Kessler, who joined TippingPoint in late January, drew a parallel with his experience at Palm, during which he led the smartphone company to its IPO in 2000. "How different could a Palm Pilot be from a high-end intrusion prevention system? Very different, but one of the lessons that I learnt at Palm is if you build a platform and you enable an ecosystem it can be very powerful."

"We signed up 25,000 application developers to write applications for Palm; we just signed our thousandth researcher as part of our Zero Day Initiative," added Kessler. "There's a lot more we can do to enable more researchers [that in turn] enable more partners to deliver more powerful solutions around an ecosystem that TippingPoint delivers, and I think that would be a big part of what you'd hear us talk about and execute moving forward.

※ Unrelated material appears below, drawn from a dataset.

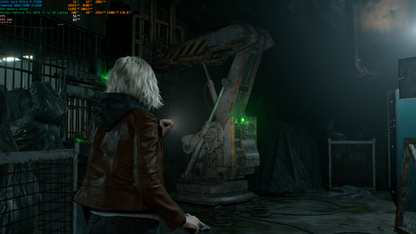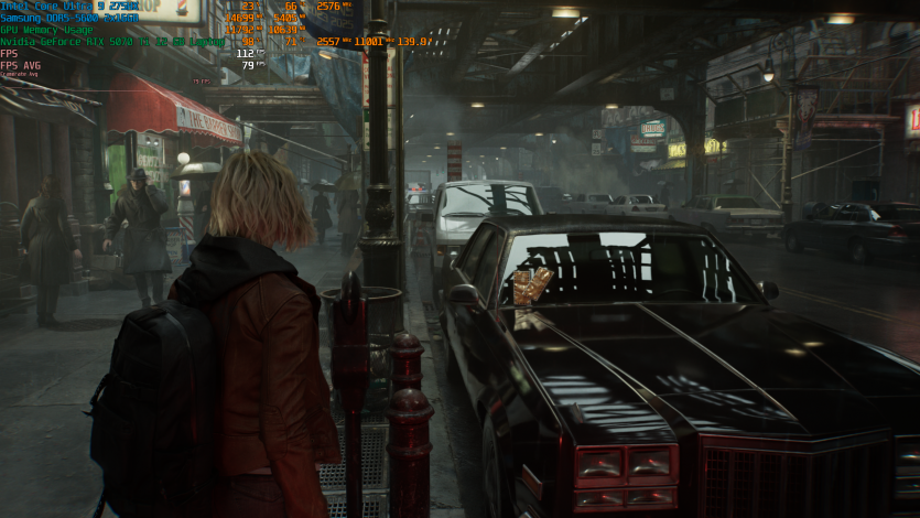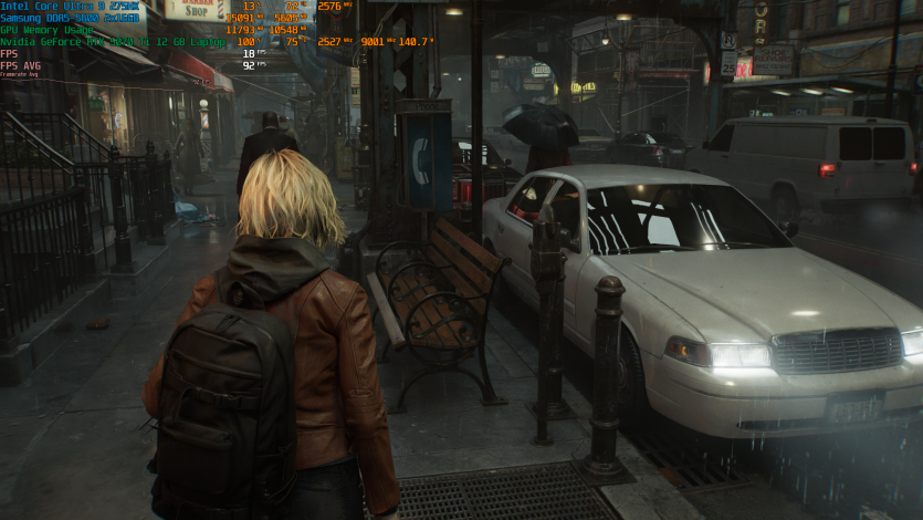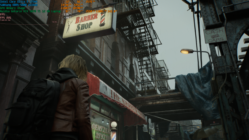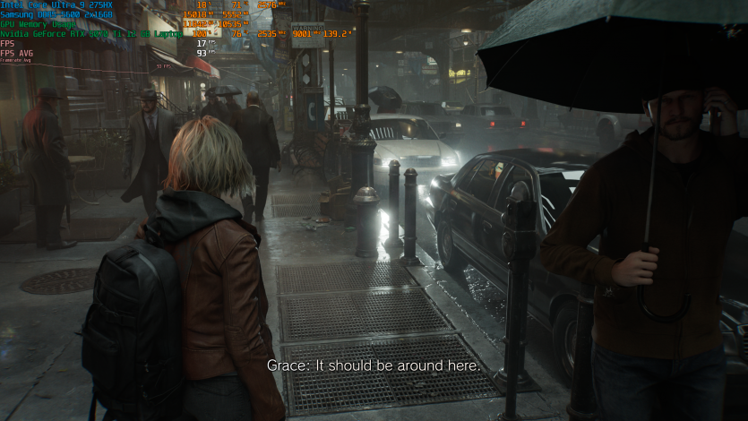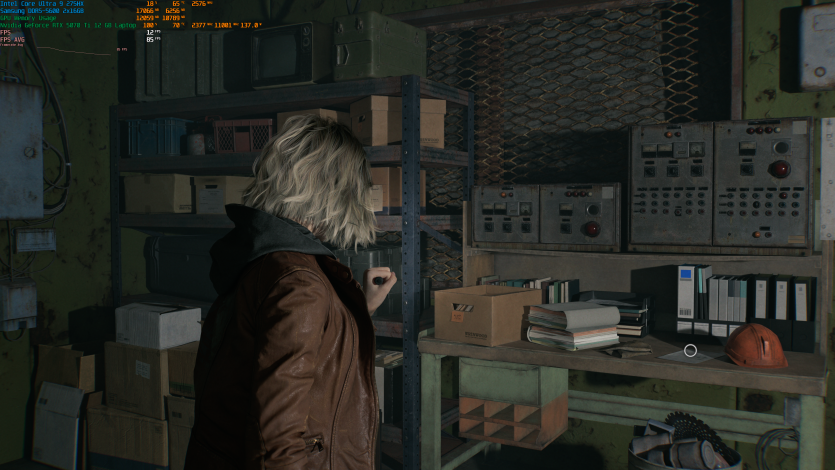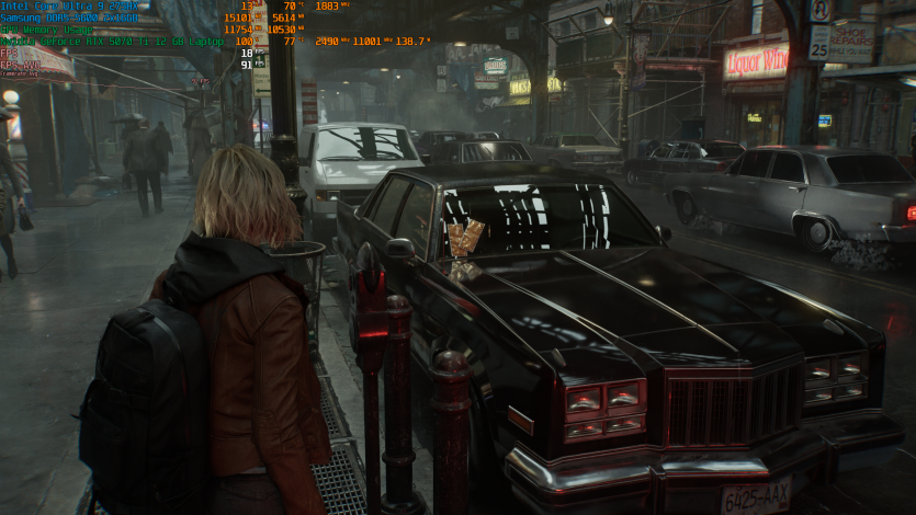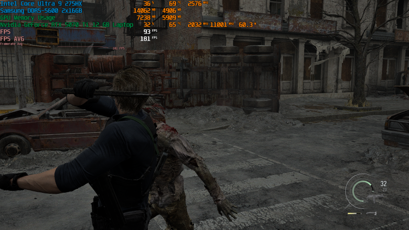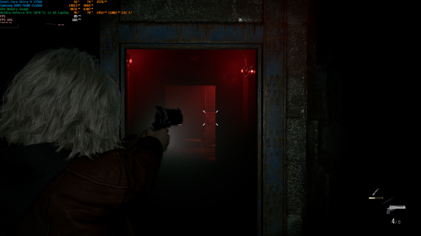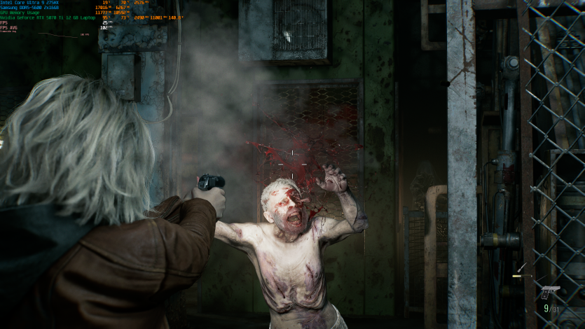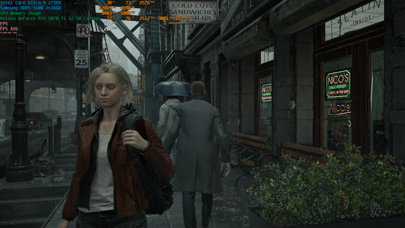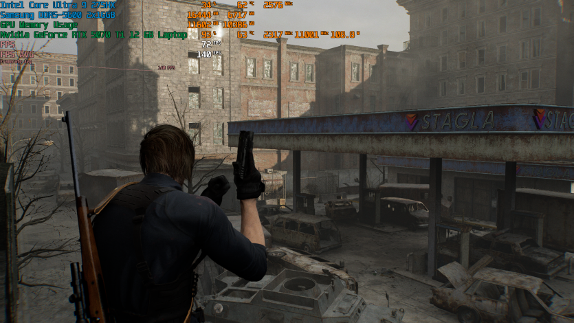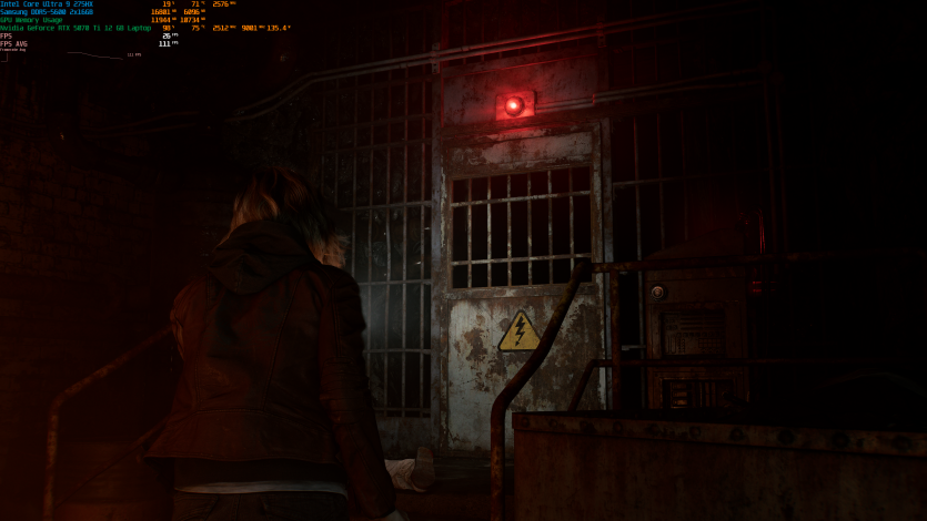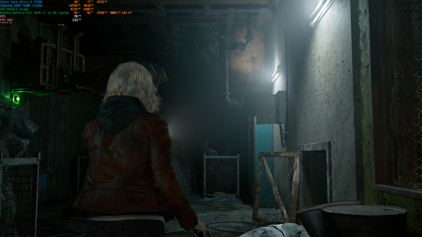Запустивши Resident Evil Requiem, і обравши пресет DLSS Quality + MFG X4, маємо 136 FPS на десктопі та 103 FPS на ноутбуці. Для мобільної 5070 Ti це сценарій, який робить 4K реалістичним, а не номінальним режимом.

Kessler, who carries not a Palm device but a Blackberry Bold these days, acknowledged that the company had to "continue to have wonderful products" but having just that was no longer enough.

"You might even hear us talking more about the services that we enable, and less about IPS. IPS is a tool, but it's really the value that we bring to our customers that matters most," he explained. "We'll sound less like a product and more like a platform. We'll talk probably less about feats and speeds and more about the different partners and the ecosystem we build around our solution."

More emphasis on Asia
The company also has ambitious plans for the Asia-Pacific region, said Kessler. On top of doubling its headcount in the region from the current 30, as well as set up local offices in countries such as Malaysia.

Much of the activities will be centered in Southeast Asia, a high-growth area for TippingPoint. In the last year or so, the company has set up offices in Indonesia, the Philippines and Thailand.

On the whole, Kessler noted he was pleased with the progress the company has made since he took over at the helm. "[U.S.] President [Barack] Obama had his first 100 days a little before I did. I didn't run a deficit; I made money--he didn't," he joked.